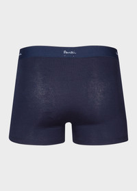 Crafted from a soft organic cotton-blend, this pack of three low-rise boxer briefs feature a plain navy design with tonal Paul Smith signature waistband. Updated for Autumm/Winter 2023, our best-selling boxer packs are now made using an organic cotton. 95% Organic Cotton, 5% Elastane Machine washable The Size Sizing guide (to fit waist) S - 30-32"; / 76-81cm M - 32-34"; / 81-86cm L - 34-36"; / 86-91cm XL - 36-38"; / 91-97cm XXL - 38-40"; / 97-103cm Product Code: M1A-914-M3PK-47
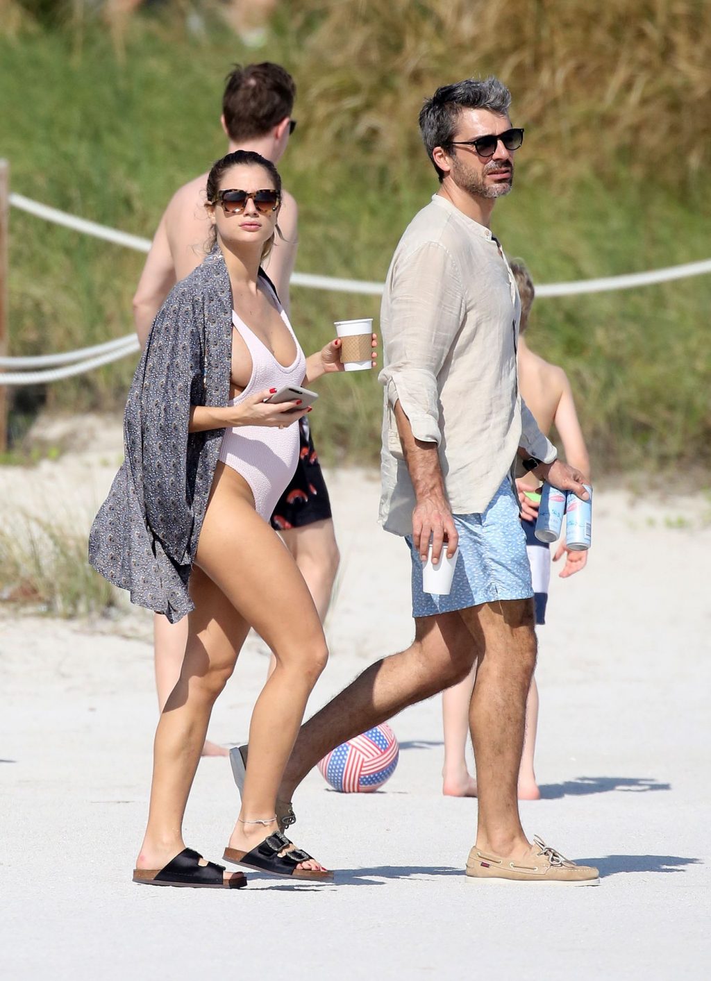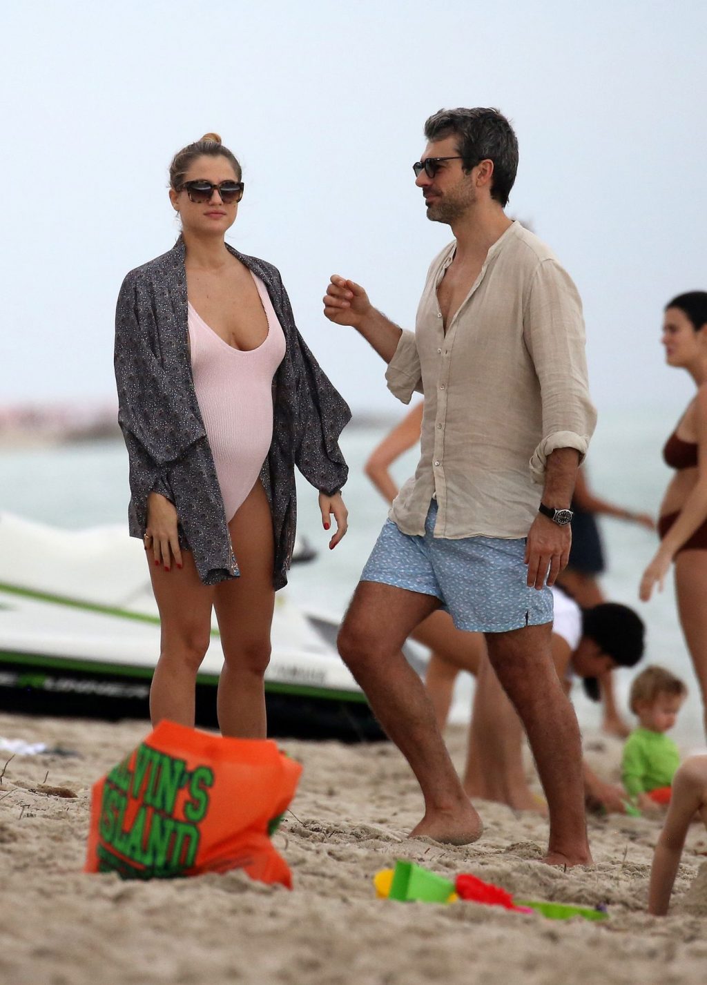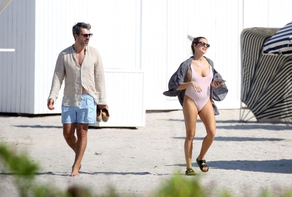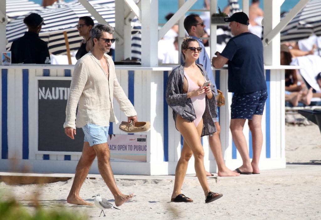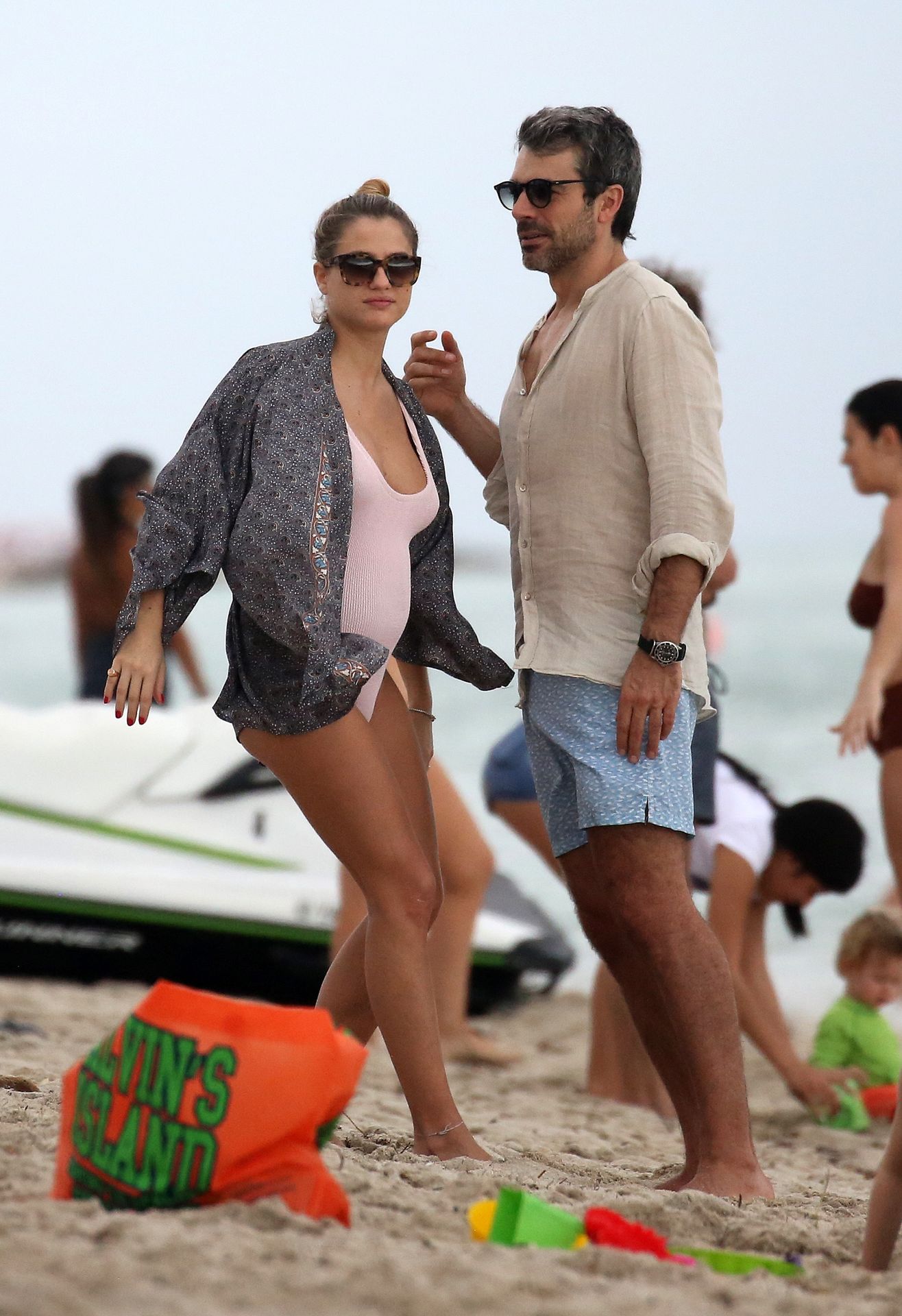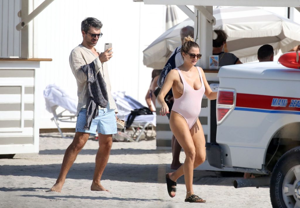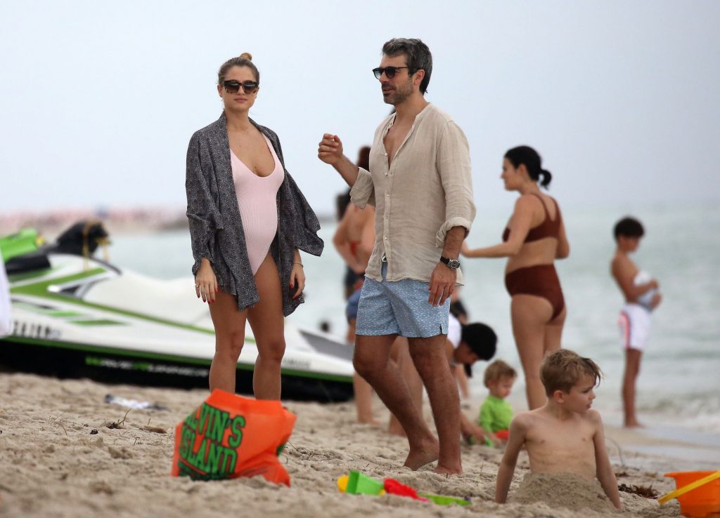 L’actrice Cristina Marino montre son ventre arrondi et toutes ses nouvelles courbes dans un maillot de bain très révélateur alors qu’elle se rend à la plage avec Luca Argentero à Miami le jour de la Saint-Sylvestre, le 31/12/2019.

+-------+

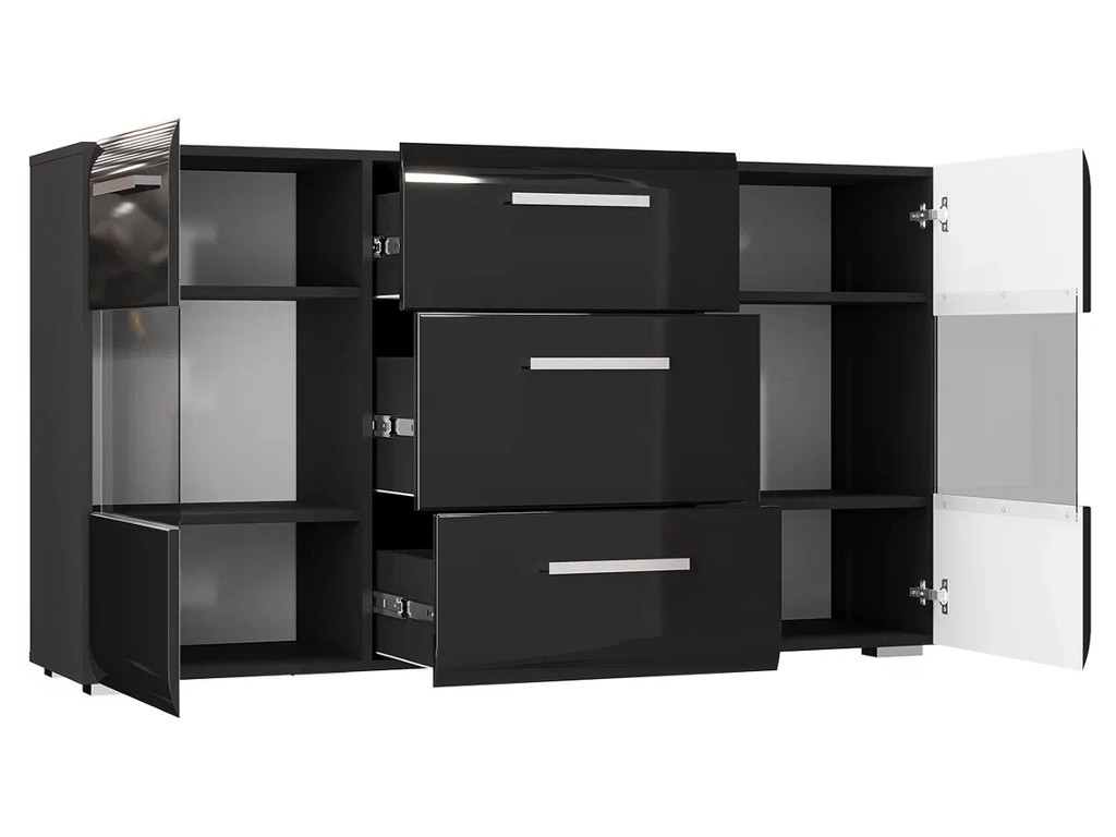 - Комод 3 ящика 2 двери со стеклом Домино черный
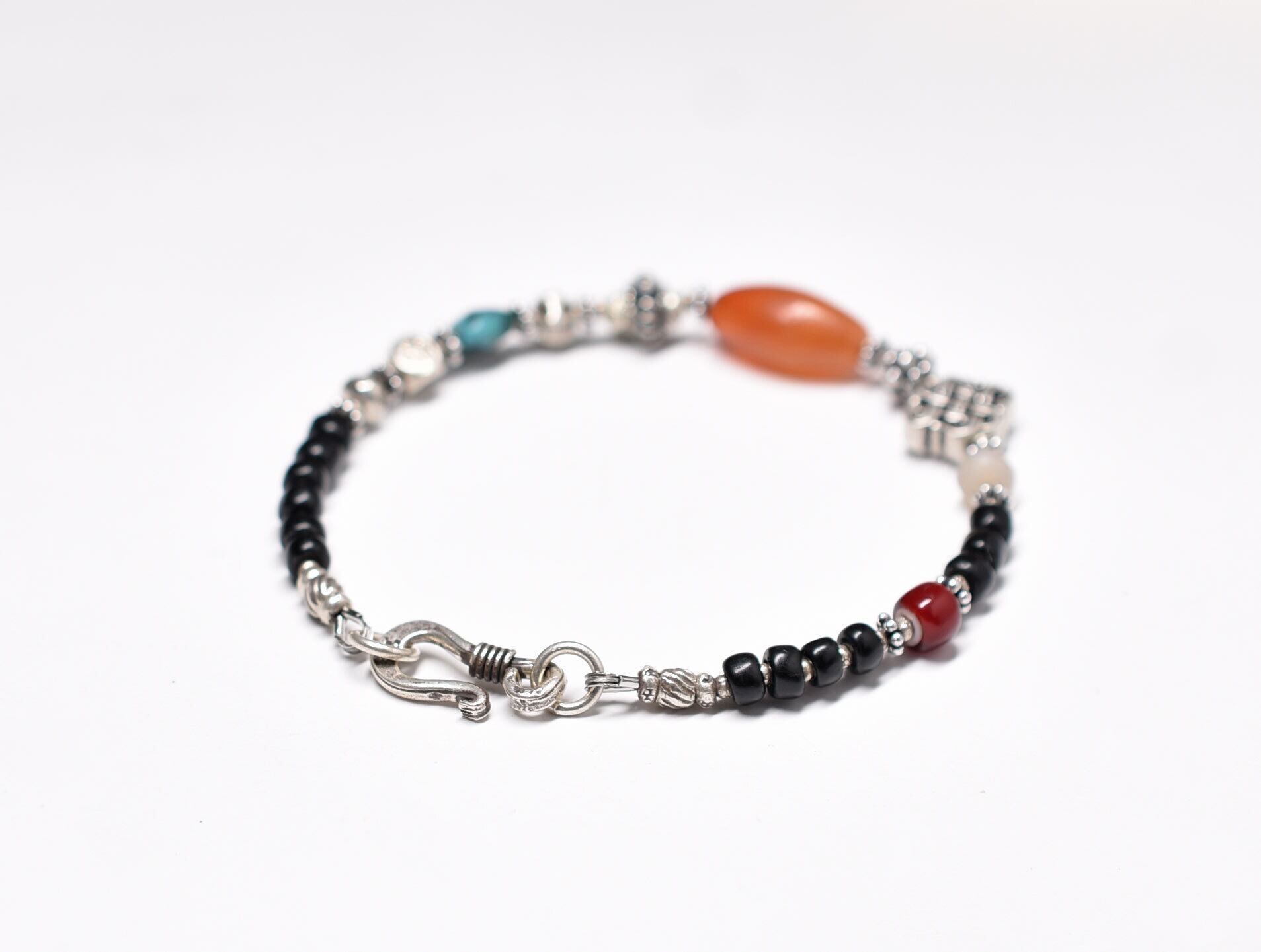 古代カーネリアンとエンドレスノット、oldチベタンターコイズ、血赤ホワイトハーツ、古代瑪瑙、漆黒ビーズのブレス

+-------+

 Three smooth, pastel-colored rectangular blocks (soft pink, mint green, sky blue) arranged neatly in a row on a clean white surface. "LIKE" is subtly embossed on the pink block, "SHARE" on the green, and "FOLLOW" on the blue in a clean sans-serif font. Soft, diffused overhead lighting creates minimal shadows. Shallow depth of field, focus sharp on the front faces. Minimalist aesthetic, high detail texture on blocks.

+-------+

• _Your task_: When you reach the line holding "Crafted from a" in the listing above, begin retyping exactly, and stop once the line holding "L’actrice Cristina Marino" is done; pictures stay out.

• _Response to the exercise_:
 Crafted from a soft organic cotton-blend, this pack of three low-rise boxer briefs feature a plain navy design with tonal Paul Smith signature waistband. Updated for Autumm/Winter 2023, our best-selling boxer packs are now made using an organic cotton. 95% Organic Cotton, 5% Elastane Machine washable The Size Sizing guide (to fit waist) S - 30-32"; / 76-81cm M - 32-34"; / 81-86cm L - 34-36"; / 86-91cm XL - 36-38"; / 91-97cm XXL - 38-40"; / 97-103cm Product Code: M1A-914-M3PK-47
 L’actrice Cristina Marino montre son ventre arrondi et toutes ses nouvelles courbes dans un maillot de bain très révélateur alors qu’elle se rend à la plage avec Luca Argentero à Miami le jour de la Saint-Sylvestre, le 31/12/2019.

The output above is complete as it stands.